There is an interesting pattern here. The 2014-15 season is the year where we see the ascension of defencemen taking shots on the penalty kill start in earnest, going from under 20% of the shot attempts in 2013-14 to nearly 30% six years later. That is a massive increase in their involvement, and this timeframe coincides with the stability in PK goals that we saw earlier, too. So, the question is whether defencemen getting more involved on offence while short-handed resulted in capping the amount of goals scored while short-handed, or whether defencemen getting more involved kept the goal rate from dropping further?  
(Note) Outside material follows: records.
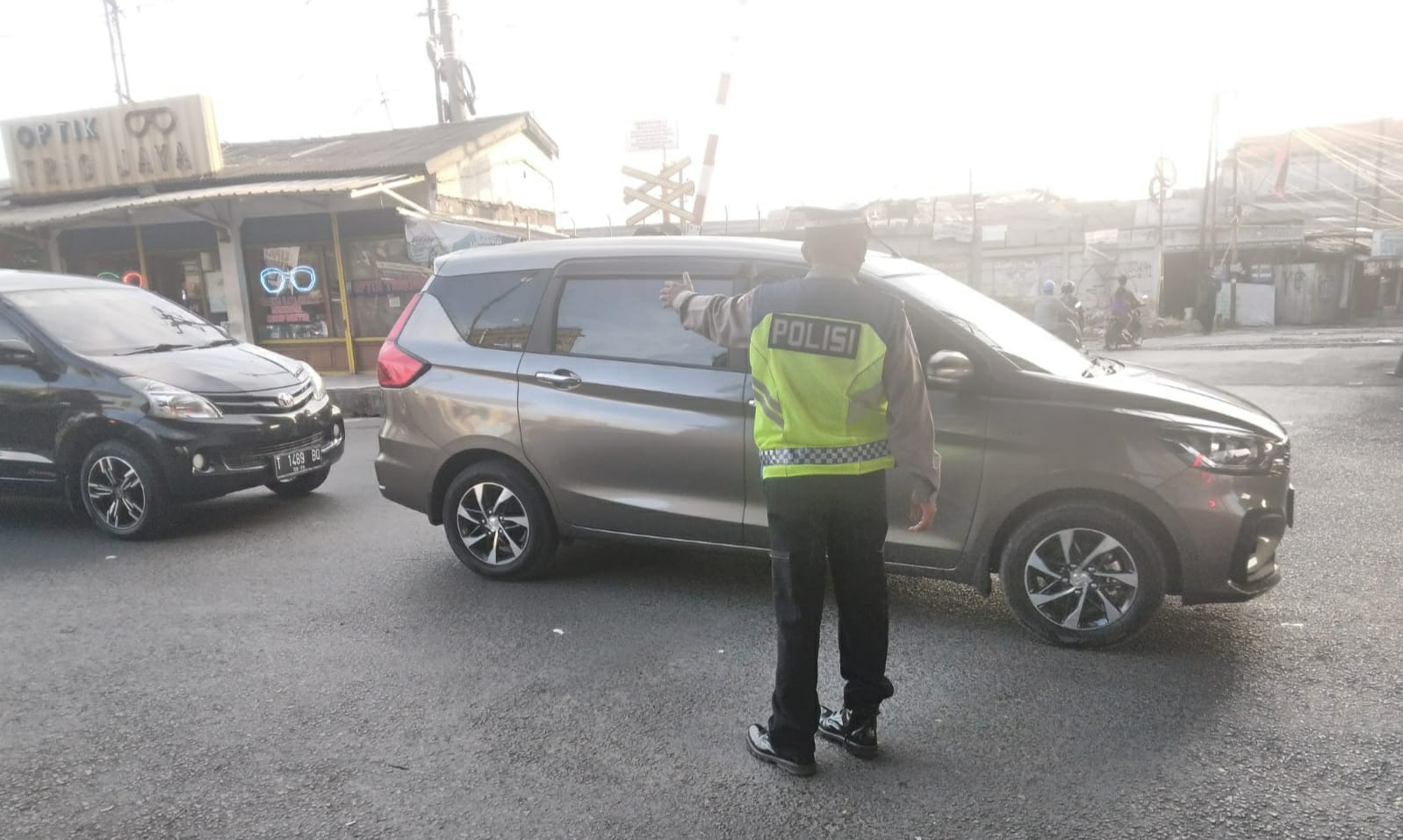 Baraknews Karawang-Dalam rangka berikan pelayanan dan rasa aman para pengendara serta pengguna jalan lainya personil lantas Połsek Cikampek Aiptu Sahidi Gatur Lalin sore di depan pasar anyar Cikampek ,Senin 12 Juni 2023 .
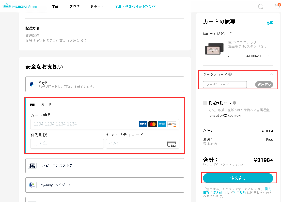 Huion公式オンラインショップでは、クレジットカードを使って注文を支払いすることができます。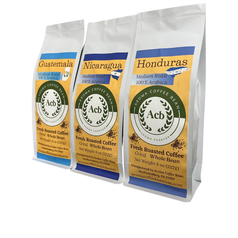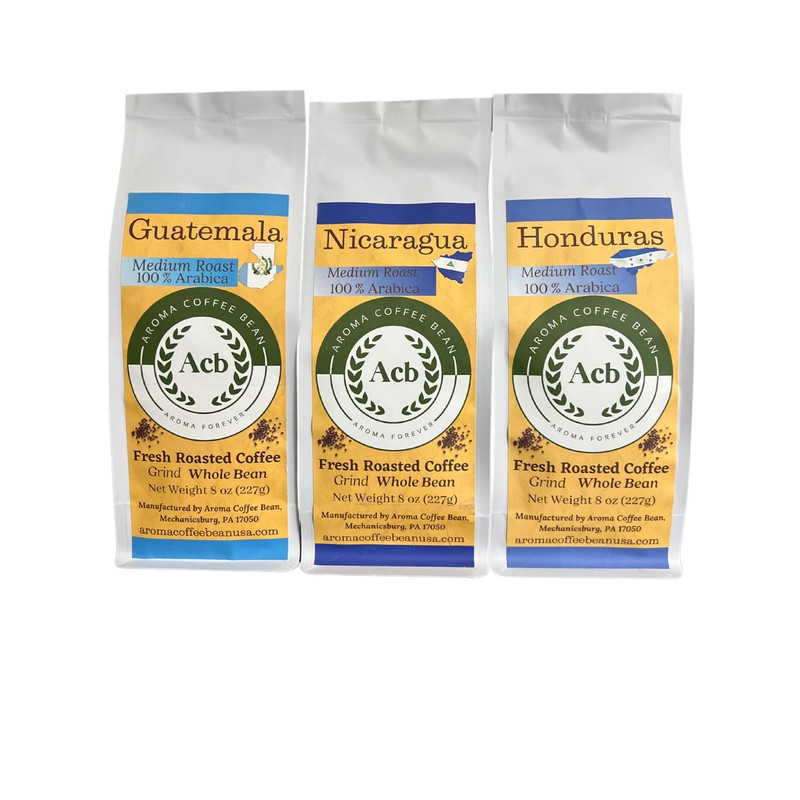 - Three Variety Pack Of Top Central American Coffee In 8 oz bag each (Honduras, Guatemala, Nicaragua) with gift box.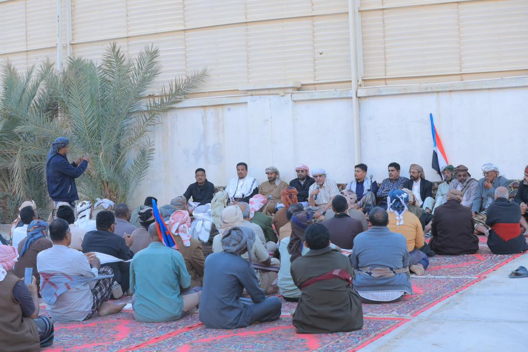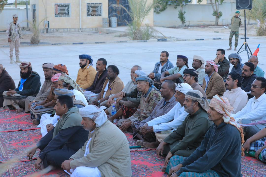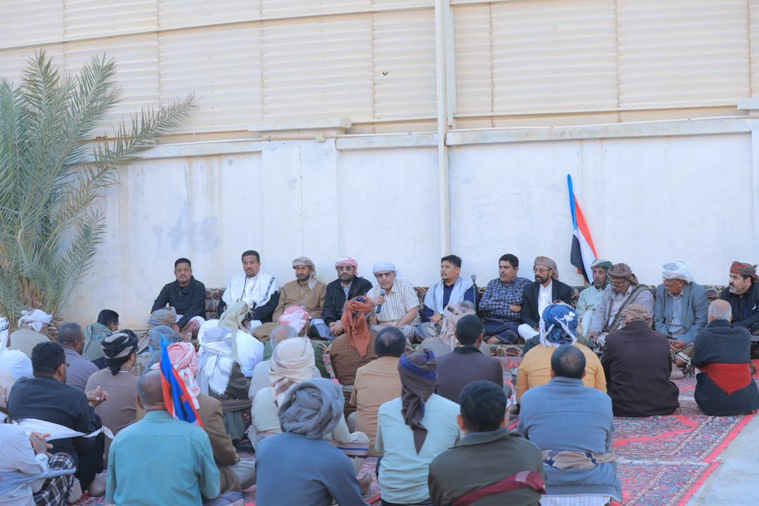 حضر اللقاء الشيخ كرامة بن الصقير الكثيري نائب رئيس الهيئة التنفيذية المساعدة للمجلس الانتقالي الجنوبي لشؤون مديريات الوادي والصحراء والشيخ طالب باجري رئيس كتلة الوادي في الجمعية الوطنية والعميد سعيد أحمد المحمدي عضو الجمعية الوطنية.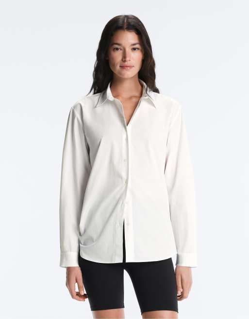 OYSHO – Naturvit, långärmad skjorta i 100% bomull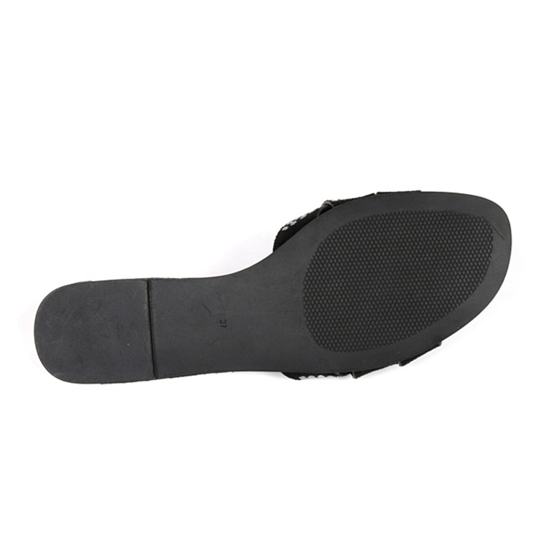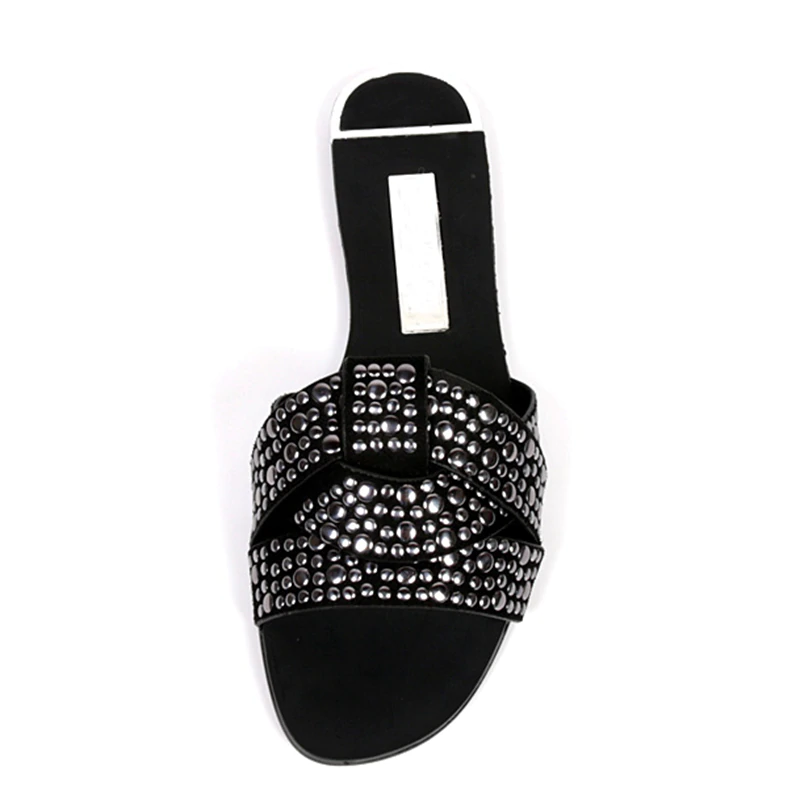Rhinestone Decorated PU Leather Slip-On Flat Sandal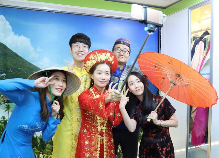 포토존은 중국의 만리장성, 세계 유명명소가 있는 대형 사진 앞에서 나라별 전통 의상을 직접 입어볼 수 있게 마련됐다.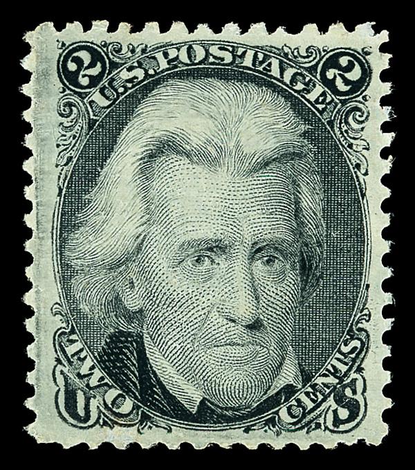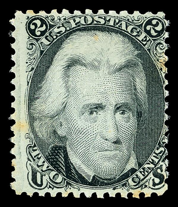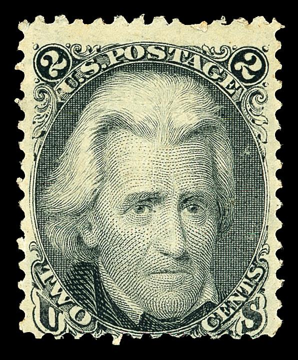 1863, 2¢ black (Scott 73), o.g., lightly hinged, a beauty with superlative color and clarity, on immaculate paper with perforations clear all around, Fine to Very Fine but with exceptional eye appeal, with 1991 P.S.E. certificate. Scott $350. (Image)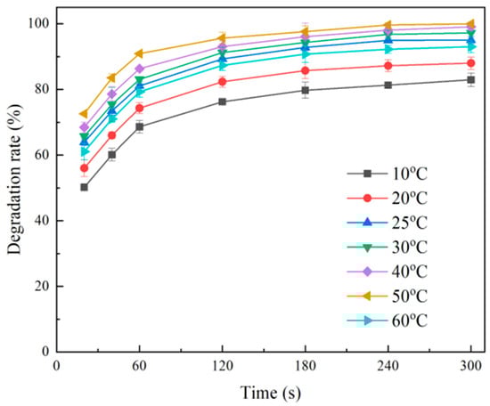 Effect of temperature on TC removal using Lac-GTP system (tetracycline concentration: 50 mg/L; GTP concentration: 1 mmol/L; laccase concentration: 1 mg/mL; pH: 6.0; reaction time: 0–300 s; temperature gradient: 10 °C, 25 °C, 37 °C, 50 °C, 60 °C).

This is where things get interesting. Considering what’s happened just since 2014-15 – the year defencemen started taking a larger share of the shot attempts on the penalty kill – the results are muddled. If we calculate the league average percentage of PK shot attempts in each season, find the percentage of PK shot attempts by defencemen from each team, group those teams into either ‘Above Mean’ or ‘Below Mean’, we don’t see much relationship between 60-minute goal-scoring rates on the PK and how much of a team’s PK shots are taken by their blue liners:

There are 11 seasons on that chart. In six of those seasons, teams whose defencemen took a below-average share of the PK shot attempts exceeded the goal rate of teams whose defencemen took a below-average share of the PK shot attempts, and the other five seasons belonged to the above-average group. In other words, the share of shot attempts taken by defencemen, at least compared to the league average, didn’t have much impact on the PK goal-scoring rate across those 11 seasons. It was basically a coinflip as to whether it helped or not.

That includes what every team did in each of those seasons. It is possible that there is a different story if we just look at the extremes, so what if we took the eight teams whose defencemen had the highest share of PK shot attempts relative to the league average in each season, and compared them to the eight teams with the lowest PK shot attempt share? Maybe the teams whose defencemen took a lot of the shots got more goals, the teams whose defencemen took a much smaller percentage of the shots got fewer goals, and the middle-of-the-road teams threw off the results? Well, not quite:

Seven of the seasons saw the eight teams furthest below average score more goals than the eight teams furthest above. However, each of the last three years from 2023-2026 saw the above-average group exceed the below-average one. Two of those years are very close, but considering the sizeable gap in 2024-25, blue liners getting heavily involved in the offence on the penalty kill has become much more important to goal scoring.

Let’s bring this all back to the point at the top of the article and relate it to our discussion: Does getting defencemen involved in the PK offence help create better PK goal differentials? Using team PK goal share, and focusing again just on the top-8 and bottom-8 rosters, the answer is ‘sort of’:

For years, teams whose defencemen took a significant share of the PK shot attempts actually performed worse by PK goal share, but as with the goal-scoring rate, the goal share has tipped in favour of the teams whose defencemen get heavily involved offensively over the last three years.

If we look at all the teams in the league and separate by above- and below-average squads by defencemen share of PK shot attempts, the recent picture is a little fuzzier:

There is a goal-share spike in 2023-24 where the above-average teams jumped to 12.3%, and that would be roughly a top-10 penalty-killing team. But that group has dropped each of the last two years, and the 2025-26 season saw them perform worse than the teams whose defencemen got involved less often. Is this the start of a new trend, or just a blip? We won’t know until next season is over, but it is notable that the group of below-average teams by defencemen PK shot attempts have stabilized around 10.3-10.4% in each of the last three years, with a lot more variance in the above-average teams. It might be a question of individual team philosophy more than anything.

To sum it up, yes, blue liners jumping into the offence on the PK has helped create better goal differentials, but that is a recent development, it is important for rearguards to be heavily involved rather than just above average, and that aggressiveness may have cost their teams for several years.